Pourquoi est-ce que personne ne dit les à-plats, les recouvrements subtils de bombe et pastel gras, les jaunes crades, les bleus dissonants, les verts atroces, les roses pâles, déjantés, parfois sensuels et doux comme des nuages de barbapapa? Basquiat n’emploie jamais deux fois la même nuance de couleur. Il les emploie en a-plats conducteurs d’états émotionnels, d’énergies qui ont tout à voir avec les stridences du monde latino-caribéen (têtes de mort droit sorties d’un festval mexicain), et pas grand chose avec la fadeur du monde WASP. Warhol, en comparaison, c’est le Quartier de Haute Sécurité, la cellule de privation sensorielle pour les grands bandits de l’art sensuel. Basquiat, c’est peut-être une préfiguration de ce à quoi ressemblera l’art des pays du sud lorsqu’ils se seront libérés de la tutelle duchampienne en cours dans les pays du nord? Quand on en aura fini avec les urinoirs, on pourra peut-être se réapproprier la force et le langage de la couleur?

Si l’on parle si peu de la couleur dans son œuvre, c’est peut-être par réticence à imaginer qu’il ait pu trouver du bonheur à peindre?

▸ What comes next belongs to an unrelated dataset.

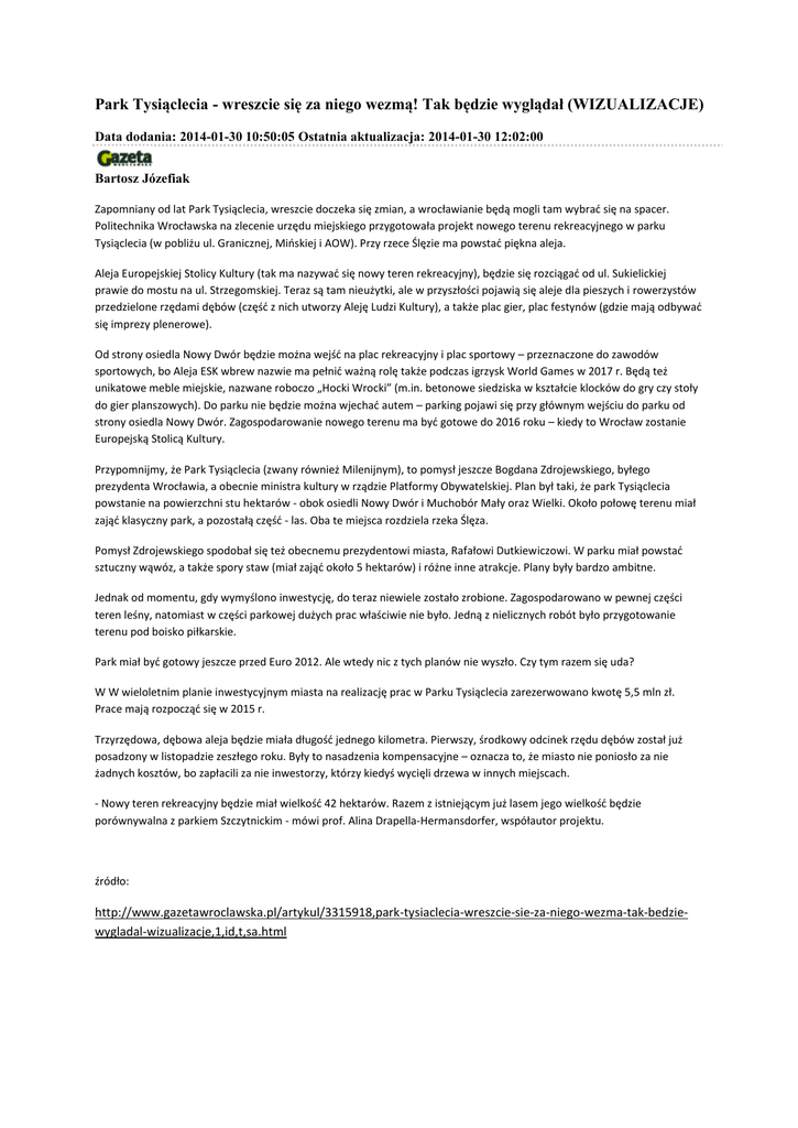 Park Tysiąclecia - wreszcie się za niego wezmą! Tak będzie wyglądał (WIZUALIZACJE) Data dodania: 2014-01-30 10:50:05 Ostatnia aktualizacja: 2014-01-30 12:02:00 Bartosz Józefiak Zapomniany od lat Park Tysiąclecia, wreszcie doczeka się zmian, a wrocławianie będą mogli tam wybrać się na spacer. Politechnika Wrocławska na zlecenie urzędu miejskiego przygotowała projekt nowego terenu rekreacyjnego w parku Tysiąclecia (w pobliżu ul. Granicznej, Mińskiej i AOW). Przy rzece Ślęzie ma powstać piękna aleja. Aleja Europejskiej Stolicy Kultury (tak ma nazywać się nowy teren rekreacyjny), będzie się rozciągać od ul. Sukielickiej prawie do mostu na ul. Strzegomskiej. Teraz są tam nieużytki, ale w przyszłości pojawią się aleje dla pieszych i rowerzystów przedzielone rzędami dębów (część z nich utworzy Aleję Ludzi Kultury), a także plac gier, plac festynów (gdzie mają odbywać się imprezy plenerowe). Od strony osiedla Nowy Dwór będzie można wejść na plac rekreacyjny i plac sportowy – przeznaczone do zawodów sportowych, bo Aleja ESK wbrew nazwie ma pełnić ważną rolę także podczas igrzysk World Games w 2017 r. Będą też unikatowe meble miejskie, nazwane roboczo „Hocki Wrocki” (m.in. betonowe siedziska w kształcie klocków do gry czy stoły do gier planszowych). Do parku nie będzie można wjechać autem – parking pojawi się przy głównym wejściu do parku od strony osiedla Nowy Dwór. Zagospodarowanie nowego terenu ma być gotowe do 2016 roku – kiedy to Wrocław zostanie Europejską Stolicą Kultury. Przypomnijmy, że Park Tysiąclecia (zwany również Milenijnym), to pomysł jeszcze Bogdana Zdrojewskiego, byłego prezydenta Wrocławia, a obecnie ministra kultury w rządzie Platformy Obywatelskiej. Plan był taki, że park Tysiąclecia powstanie na powierzchni stu hektarów - obok osiedli Nowy Dwór i Muchobór Mały oraz Wielki. Około połowę terenu miał zająć klasyczny park, a pozostałą część - las. Oba te miejsca rozdziela rzeka Ślęza. Pomysł Zdrojewskiego spodobał się też obecnemu prezydentowi miasta, Rafałowi Dutkiewiczowi. W parku miał powstać sztuczny wąwóz, a także spory staw (miał zająć około 5 hektarów) i różne inne atrakcje. Plany były bardzo ambitne. Jednak od momentu, gdy wymyślono inwestycję, do teraz niewiele zostało zrobione. Zagospodarowano w pewnej części teren leśny, natomiast w części parkowej dużych prac właściwie nie było. Jedną z nielicznych robót było przygotowanie terenu pod boisko piłkarskie. Park miał być gotowy jeszcze przed Euro 2012. Ale wtedy nic z tych planów nie wyszło. Czy tym razem się uda? W W wieloletnim planie inwestycyjnym miasta na realizację prac w Parku Tysiąclecia zarezerwowano kwotę 5,5 mln zł. Prace mają rozpocząć się w 2015 r. Trzyrzędowa, dębowa aleja będzie miała długość jednego kilometra. Pierwszy, środkowy odcinek rzędu dębów został już posadzony w listopadzie zeszłego roku. Były to nasadzenia kompensacyjne – oznacza to, że miasto nie poniosło za nie żadnych kosztów, bo zapłacili za nie inwestorzy, którzy kiedyś wycięli drzewa w innych miejscach. - Nowy teren rekreacyjny będzie miał wielkość 42 hektarów. Razem z istniejącym już lasem jego wielkość będzie porównywalna z parkiem Szczytnickim - mówi prof. Alina Drapella-Hermansdorfer, współautor projektu. źródło: http://www.gazetawroclawska.pl/artykul/3315918,park-tysiaclecia-wreszcie-sie-za-niego-wezma-tak-bedziewygladal-wizualizacje,1,id,t,sa.html

Non pas le bonheur supposé naïf, sans nuages, des anciens, mais du bonheur tout de même, celui qui toujours accompagne une grande libération d’énergie dans un geste juste, comme un boxeur peut trouver du plaisir à se battre après un entraînement méticuleux (Basquiat était une véritable éponge visuelle, il connaissait parfaitement le monde des images), un coureur de marathon à dépasser les limites de sa souffrance, un programmeur à boucler son logiciel.

Bien sûr il y a les graffiti, les copyrights et les couronnes, le travail sur les palissades et la rage, mais la couleur, les tonalités chaque fois différentes qui donnent à chacune de ses toiles une vibration tout à fait singulière?

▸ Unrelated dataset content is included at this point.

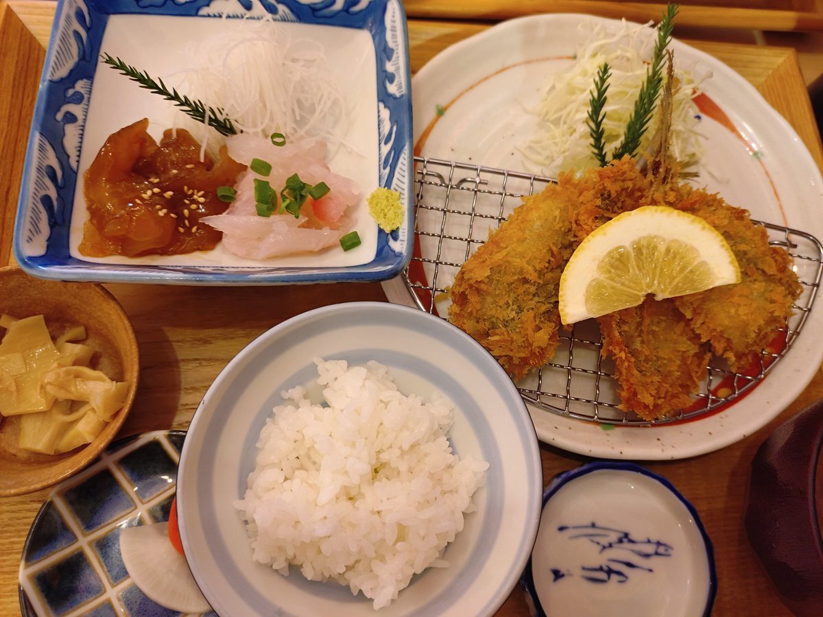 アジフライと 刺身二種定食 おきめじなとエソ 地魚でしょうか? エソという名前初めて知りました 蒲鉾の材料になったりするよう #小田原漁港 pic.x.com/Hm7NqGGKJu

Singularité latino-tropicale, qui détonne dans la fadeur nord-américaine. Le reste vous laisse un goût de Campbell Soup passée.

Bien sûr, la mort est là, mais elle a l’éclat des fanfares mexicaines, crépitante couronne de pétards explosant un soir de nouvel an, quelque part dans un pays du Grand Sud.

Quand la fumée se dissipe, à l’aube, un chien rit.

Les arbres chantants



Un soir, dans une ville d’Asie à la laideur asphyxiante, monstrueuse capitale d’un pays lointain si différent du nôtre qu’il en paraît insaisissable, inconcevable et repoussant, un de ces pays dont on ne parle que pour annoncer de mauvaises nouvelles, un pays dont on oublie jusqu’à l’existence et que l’on relègue loin, tout au loin dans la conscience, dans un ailleurs de pacotille, mes deux amis les plus proches et moi sommes restés longtemps dans une voiture en stationnement, parfaitement immobiles, scotchés dans un profond silence.
Nous écoutions  l’autoradio d’où sortait la voix d’une femme qui chantait en français, puis en italien. Sa chanson nous parlait d’ici, de l’Europe et de ses arbres où les feuilles, en hiver,
tombent,
où la lumière change au fil des saisons, où les champs vus du TGV se colorent de bruns veloutés dès la fin septembre, où de jeunes pousses vert tendre apaisent les yeux fatigués.
L’italien traduisait les paroles de la chanson qui tapissait l’habitacle de la voiture d’une enveloppe intime, familière et protectrice.
Quand la voix cessa de chanter, l’Ailleurs s’est refermé sur nous. Depuis, je rêve d’ici.